The Second Amendment Sanctuary movement patterned itself after the Sanctuary Cities for refugees. The first credited use of a gun sanctuary was in Effingham County, Illinois. The measures commonly reject the enforcement of federal or state gun laws and target regulations like red flag laws, universal gun background checks, and bans on assault-style weapons.
“I took an oath to uphold the Constitution, Bradshaw explained. He quoted President Ronald Reagan (R – CA) who also opposed gun control.
Once the sheriff’s race heated up, the commissioner wanted to wait on the resolution until he knew he had the sheriff’s support. Henderson approached Bradshaw about a Second Amendment Sanctuary measure first and reviewed what Bradshaw already wrote.

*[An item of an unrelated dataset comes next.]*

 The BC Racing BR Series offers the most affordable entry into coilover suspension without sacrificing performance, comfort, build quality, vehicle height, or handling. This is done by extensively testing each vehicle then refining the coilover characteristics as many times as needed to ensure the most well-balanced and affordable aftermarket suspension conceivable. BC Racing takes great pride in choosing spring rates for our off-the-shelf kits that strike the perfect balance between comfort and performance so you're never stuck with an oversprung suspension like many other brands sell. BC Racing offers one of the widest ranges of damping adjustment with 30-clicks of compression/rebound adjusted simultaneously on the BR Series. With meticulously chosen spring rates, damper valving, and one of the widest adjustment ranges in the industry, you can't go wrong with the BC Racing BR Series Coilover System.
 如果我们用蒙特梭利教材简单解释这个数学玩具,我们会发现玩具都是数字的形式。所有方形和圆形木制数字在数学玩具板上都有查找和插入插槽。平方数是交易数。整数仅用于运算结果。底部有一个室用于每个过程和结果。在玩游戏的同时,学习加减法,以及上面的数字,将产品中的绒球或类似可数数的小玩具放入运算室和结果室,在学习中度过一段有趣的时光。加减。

“I just can’t explain how honored and humbled I am to serve the people of Towns County as your sheriff. I’m going to work very hard every day to do the best job I possibly can,” Henderson stated. “I want to say thank you commissioner for this document. As he said, we took an oath to uphold the Constitution. I as your sheriff will never ever support anything that infringes on your right to bear arms.”
Several sheriffs in 2A counties have declared they would not enforce any gun law that they deemed unconstitutional.

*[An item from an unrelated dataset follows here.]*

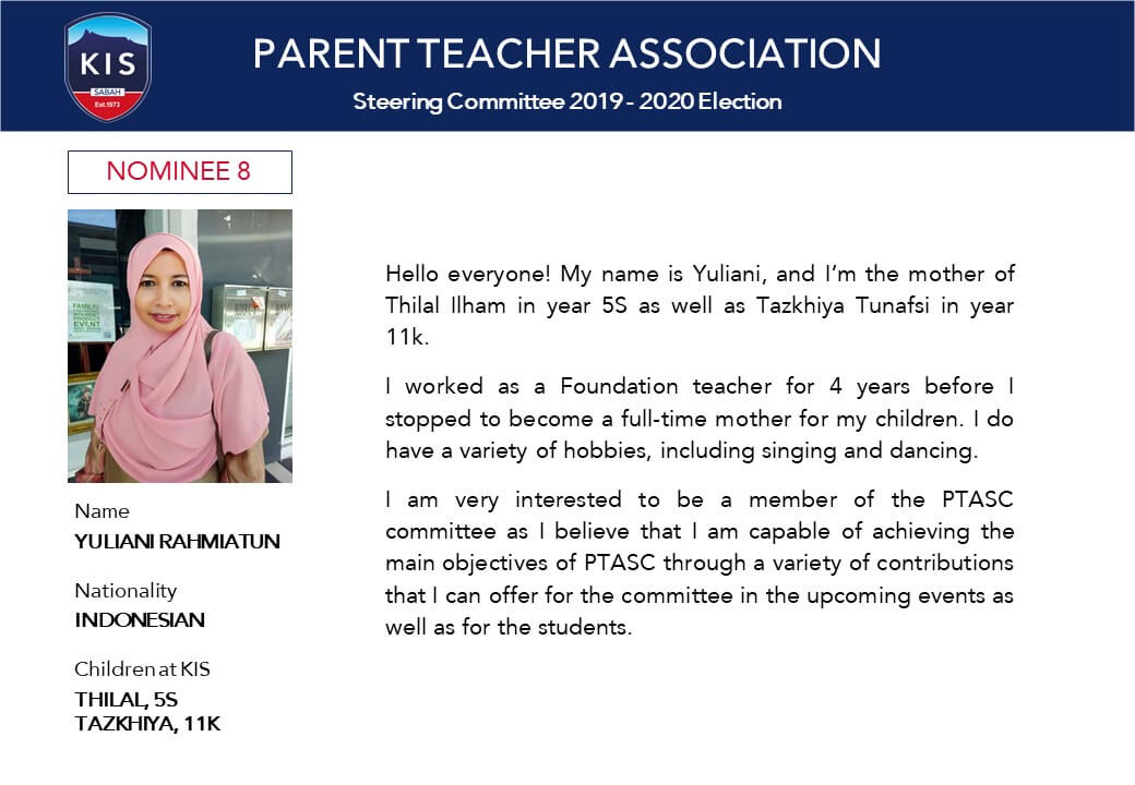 There are 10 positions to be filled in the Steering Committee and, so far, 10 generous parents have stepped forward as nominees. Check them out!

The Second Amendment resolution states that its “under full assault and the threat to the framework for our basic freedoms and democracy constitutes a clear and present danger.”
SB 281 received special mention as a piece of legislation from the 2019-2020 General Assembly that infringed upon the right to keep and bear arms.
The resolution also affirms that Towns County citizens expect their “GOD given rights” to be protected and defended against tyranny, and the commissioner and sheriff will do their part to prohibit any unconstitutional law.
Many few the Second Amendment Sanctuary measures as a largely symbolic effort and not legally binding. Many state constitutions outline how local ordinances can’t conflict with federal or state law.
Pro-Second supporters believe having these resolutions on the books provides a chance for the issue to play out in court.
43 counties in Georgia have passed gun sanctuary resolutions.